▶ [About this task]: Word for word, restate the lines of the listing below from the line with "국경 간 유럽과 미국" through the line with "This hand-knotted wool", and do not include the pictures.

▶ [Records for processing]:
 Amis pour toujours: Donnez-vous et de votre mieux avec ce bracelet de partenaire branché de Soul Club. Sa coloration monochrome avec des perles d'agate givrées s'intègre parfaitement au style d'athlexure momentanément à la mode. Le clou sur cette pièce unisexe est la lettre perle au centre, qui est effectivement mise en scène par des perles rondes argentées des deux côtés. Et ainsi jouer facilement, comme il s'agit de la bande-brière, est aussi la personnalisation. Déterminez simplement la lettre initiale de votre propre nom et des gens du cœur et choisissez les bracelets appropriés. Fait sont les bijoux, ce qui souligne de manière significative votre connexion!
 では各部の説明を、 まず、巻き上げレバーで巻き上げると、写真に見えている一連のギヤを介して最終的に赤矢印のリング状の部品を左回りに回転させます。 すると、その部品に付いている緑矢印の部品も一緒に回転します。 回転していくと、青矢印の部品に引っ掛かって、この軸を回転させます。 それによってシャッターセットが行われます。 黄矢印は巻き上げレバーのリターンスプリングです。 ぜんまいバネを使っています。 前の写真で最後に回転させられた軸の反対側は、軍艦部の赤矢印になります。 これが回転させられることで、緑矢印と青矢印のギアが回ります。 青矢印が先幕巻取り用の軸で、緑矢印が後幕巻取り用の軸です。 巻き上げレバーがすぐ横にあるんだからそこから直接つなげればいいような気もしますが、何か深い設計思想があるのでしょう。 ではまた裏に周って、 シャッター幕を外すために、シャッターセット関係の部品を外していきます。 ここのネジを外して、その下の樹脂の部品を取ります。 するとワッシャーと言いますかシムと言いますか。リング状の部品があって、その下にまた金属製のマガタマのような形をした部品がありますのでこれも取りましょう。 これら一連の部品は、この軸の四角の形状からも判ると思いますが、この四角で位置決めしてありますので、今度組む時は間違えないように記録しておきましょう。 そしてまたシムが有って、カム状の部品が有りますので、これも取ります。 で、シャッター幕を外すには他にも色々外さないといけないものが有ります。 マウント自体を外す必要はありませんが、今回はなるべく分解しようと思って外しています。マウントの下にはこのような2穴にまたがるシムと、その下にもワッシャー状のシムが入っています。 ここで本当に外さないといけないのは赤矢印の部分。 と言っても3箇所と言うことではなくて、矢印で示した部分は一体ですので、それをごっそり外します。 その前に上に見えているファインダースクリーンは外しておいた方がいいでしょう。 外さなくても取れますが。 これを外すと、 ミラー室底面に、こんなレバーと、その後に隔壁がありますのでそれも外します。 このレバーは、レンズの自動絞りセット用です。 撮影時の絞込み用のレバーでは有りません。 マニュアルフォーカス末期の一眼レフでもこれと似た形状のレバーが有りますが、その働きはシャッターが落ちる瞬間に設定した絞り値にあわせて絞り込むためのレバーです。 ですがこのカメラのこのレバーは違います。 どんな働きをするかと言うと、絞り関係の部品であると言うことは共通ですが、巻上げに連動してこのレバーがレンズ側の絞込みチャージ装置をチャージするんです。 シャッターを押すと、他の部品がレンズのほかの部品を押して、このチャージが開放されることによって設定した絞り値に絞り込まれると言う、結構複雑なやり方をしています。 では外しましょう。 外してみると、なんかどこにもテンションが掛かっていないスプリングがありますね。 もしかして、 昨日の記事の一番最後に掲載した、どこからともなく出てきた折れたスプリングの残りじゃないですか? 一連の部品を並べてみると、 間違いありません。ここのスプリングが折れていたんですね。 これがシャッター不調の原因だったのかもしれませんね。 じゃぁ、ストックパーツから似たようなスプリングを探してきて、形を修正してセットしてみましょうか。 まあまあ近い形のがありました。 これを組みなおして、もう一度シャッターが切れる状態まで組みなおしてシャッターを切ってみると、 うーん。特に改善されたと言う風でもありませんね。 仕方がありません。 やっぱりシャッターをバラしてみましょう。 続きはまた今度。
--
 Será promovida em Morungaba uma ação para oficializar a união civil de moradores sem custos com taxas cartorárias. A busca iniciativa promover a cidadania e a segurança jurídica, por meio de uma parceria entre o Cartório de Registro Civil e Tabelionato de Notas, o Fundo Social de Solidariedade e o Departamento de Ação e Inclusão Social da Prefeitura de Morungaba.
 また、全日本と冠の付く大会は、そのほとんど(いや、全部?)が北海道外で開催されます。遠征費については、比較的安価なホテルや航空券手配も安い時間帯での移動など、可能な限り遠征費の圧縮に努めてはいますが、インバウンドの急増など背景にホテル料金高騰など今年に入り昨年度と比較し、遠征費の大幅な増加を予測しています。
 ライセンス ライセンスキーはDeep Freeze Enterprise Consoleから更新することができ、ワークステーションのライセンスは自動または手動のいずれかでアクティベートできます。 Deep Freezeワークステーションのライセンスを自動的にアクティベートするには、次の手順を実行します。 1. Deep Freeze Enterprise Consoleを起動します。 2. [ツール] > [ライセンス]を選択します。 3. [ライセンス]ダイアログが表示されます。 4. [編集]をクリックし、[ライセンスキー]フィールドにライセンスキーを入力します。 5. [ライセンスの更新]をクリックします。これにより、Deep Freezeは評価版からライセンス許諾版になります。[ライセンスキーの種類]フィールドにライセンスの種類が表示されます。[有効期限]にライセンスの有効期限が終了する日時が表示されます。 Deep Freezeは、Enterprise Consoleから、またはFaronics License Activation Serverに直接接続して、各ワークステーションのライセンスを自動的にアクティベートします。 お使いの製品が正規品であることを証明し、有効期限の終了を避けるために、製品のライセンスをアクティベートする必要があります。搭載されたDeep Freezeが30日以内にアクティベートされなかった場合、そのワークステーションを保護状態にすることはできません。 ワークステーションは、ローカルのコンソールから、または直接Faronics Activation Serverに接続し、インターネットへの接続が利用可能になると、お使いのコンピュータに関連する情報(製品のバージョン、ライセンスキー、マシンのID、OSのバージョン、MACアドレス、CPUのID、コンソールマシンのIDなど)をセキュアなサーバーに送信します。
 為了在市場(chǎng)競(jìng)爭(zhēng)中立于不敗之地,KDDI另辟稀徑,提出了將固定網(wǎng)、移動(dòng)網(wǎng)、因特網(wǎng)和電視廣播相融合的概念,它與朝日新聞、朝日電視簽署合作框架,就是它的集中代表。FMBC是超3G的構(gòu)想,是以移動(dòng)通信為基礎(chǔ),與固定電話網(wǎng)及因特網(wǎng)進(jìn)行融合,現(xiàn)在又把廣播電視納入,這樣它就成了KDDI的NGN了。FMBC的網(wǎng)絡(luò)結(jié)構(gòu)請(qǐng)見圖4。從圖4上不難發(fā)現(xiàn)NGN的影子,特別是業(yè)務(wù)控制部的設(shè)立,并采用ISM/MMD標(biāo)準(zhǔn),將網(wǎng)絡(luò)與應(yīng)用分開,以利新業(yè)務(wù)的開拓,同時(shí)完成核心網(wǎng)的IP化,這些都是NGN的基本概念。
==
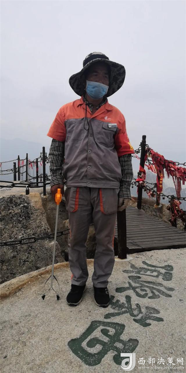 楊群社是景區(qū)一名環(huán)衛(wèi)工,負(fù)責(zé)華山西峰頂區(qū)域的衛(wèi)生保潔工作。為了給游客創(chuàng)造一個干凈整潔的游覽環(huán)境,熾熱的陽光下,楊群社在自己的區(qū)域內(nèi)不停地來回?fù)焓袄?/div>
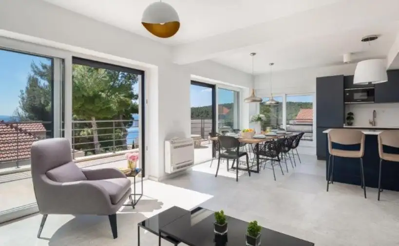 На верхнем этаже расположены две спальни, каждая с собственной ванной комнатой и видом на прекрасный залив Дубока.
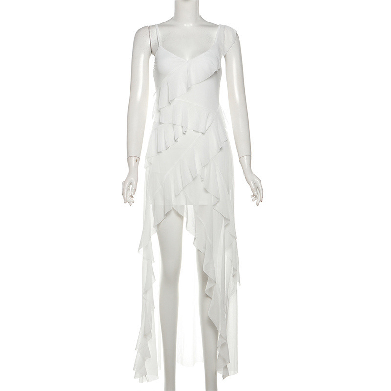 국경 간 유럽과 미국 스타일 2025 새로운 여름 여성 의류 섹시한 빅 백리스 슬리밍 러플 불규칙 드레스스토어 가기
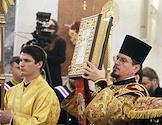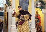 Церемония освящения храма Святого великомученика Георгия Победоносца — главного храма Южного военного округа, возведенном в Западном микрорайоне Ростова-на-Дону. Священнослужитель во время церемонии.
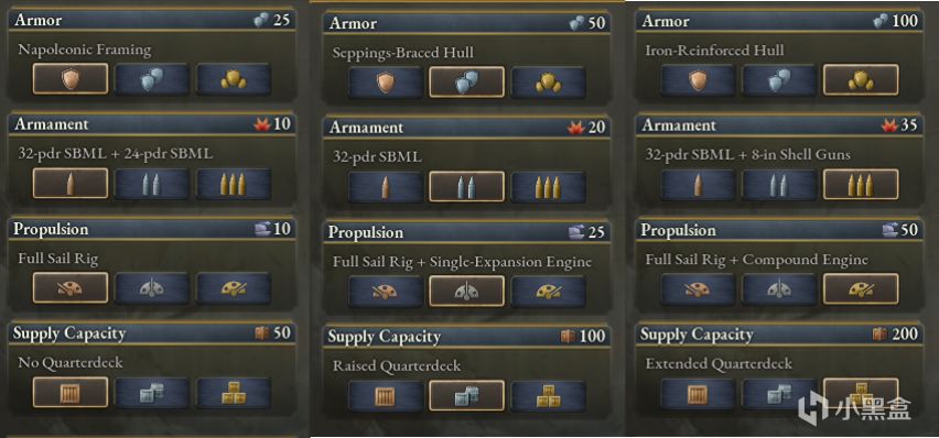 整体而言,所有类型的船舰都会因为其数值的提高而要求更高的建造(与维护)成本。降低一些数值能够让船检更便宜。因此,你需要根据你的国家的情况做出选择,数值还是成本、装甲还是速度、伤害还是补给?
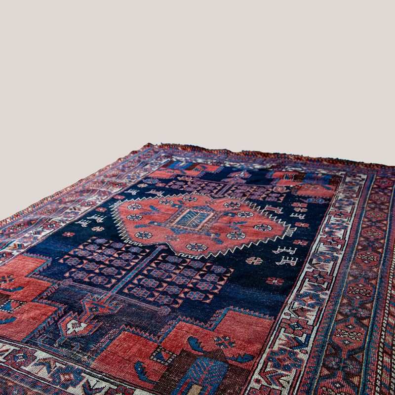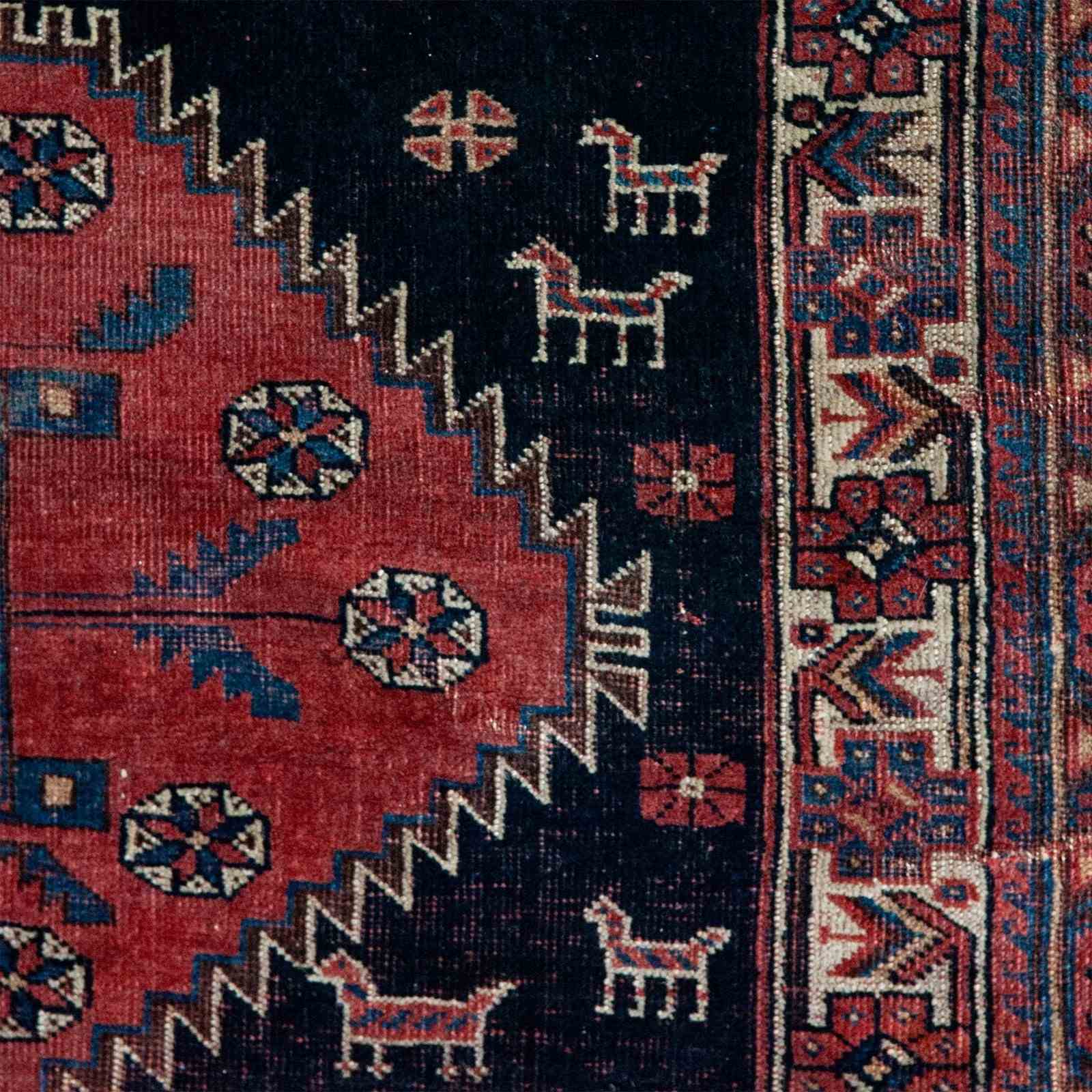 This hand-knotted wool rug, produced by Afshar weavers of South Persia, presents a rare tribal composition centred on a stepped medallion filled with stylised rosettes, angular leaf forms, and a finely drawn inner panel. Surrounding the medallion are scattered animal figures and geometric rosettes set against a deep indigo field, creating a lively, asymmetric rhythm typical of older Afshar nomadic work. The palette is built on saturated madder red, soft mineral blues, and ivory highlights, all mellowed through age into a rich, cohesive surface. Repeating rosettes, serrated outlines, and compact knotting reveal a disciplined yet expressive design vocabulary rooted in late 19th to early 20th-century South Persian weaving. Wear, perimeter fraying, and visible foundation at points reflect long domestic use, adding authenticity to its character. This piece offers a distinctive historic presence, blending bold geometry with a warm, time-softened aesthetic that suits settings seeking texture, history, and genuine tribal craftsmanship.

▶ [Result of this task]:
 국경 간 유럽과 미국 스타일 2025 새로운 여름 여성 의류 섹시한 빅 백리스 슬리밍 러플 불규칙 드레스스토어 가기
 Церемония освящения храма Святого великомученика Георгия Победоносца — главного храма Южного военного округа, возведенном в Западном микрорайоне Ростова-на-Дону. Священнослужитель во время церемонии.
 整体而言,所有类型的船舰都会因为其数值的提高而要求更高的建造(与维护)成本。降低一些数值能够让船检更便宜。因此,你需要根据你的国家的情况做出选择,数值还是成本、装甲还是速度、伤害还是补给?
 This hand-knotted wool rug, produced by Afshar weavers of South Persia, presents a rare tribal composition centred on a stepped medallion filled with stylised rosettes, angular leaf forms, and a finely drawn inner panel. Surrounding the medallion are scattered animal figures and geometric rosettes set against a deep indigo field, creating a lively, asymmetric rhythm typical of older Afshar nomadic work. The palette is built on saturated madder red, soft mineral blues, and ivory highlights, all mellowed through age into a rich, cohesive surface. Repeating rosettes, serrated outlines, and compact knotting reveal a disciplined yet expressive design vocabulary rooted in late 19th to early 20th-century South Persian weaving. Wear, perimeter fraying, and visible foundation at points reflect long domestic use, adding authenticity to its character. This piece offers a distinctive historic presence, blending bold geometry with a warm, time-softened aesthetic that suits settings seeking texture, history, and genuine tribal craftsmanship.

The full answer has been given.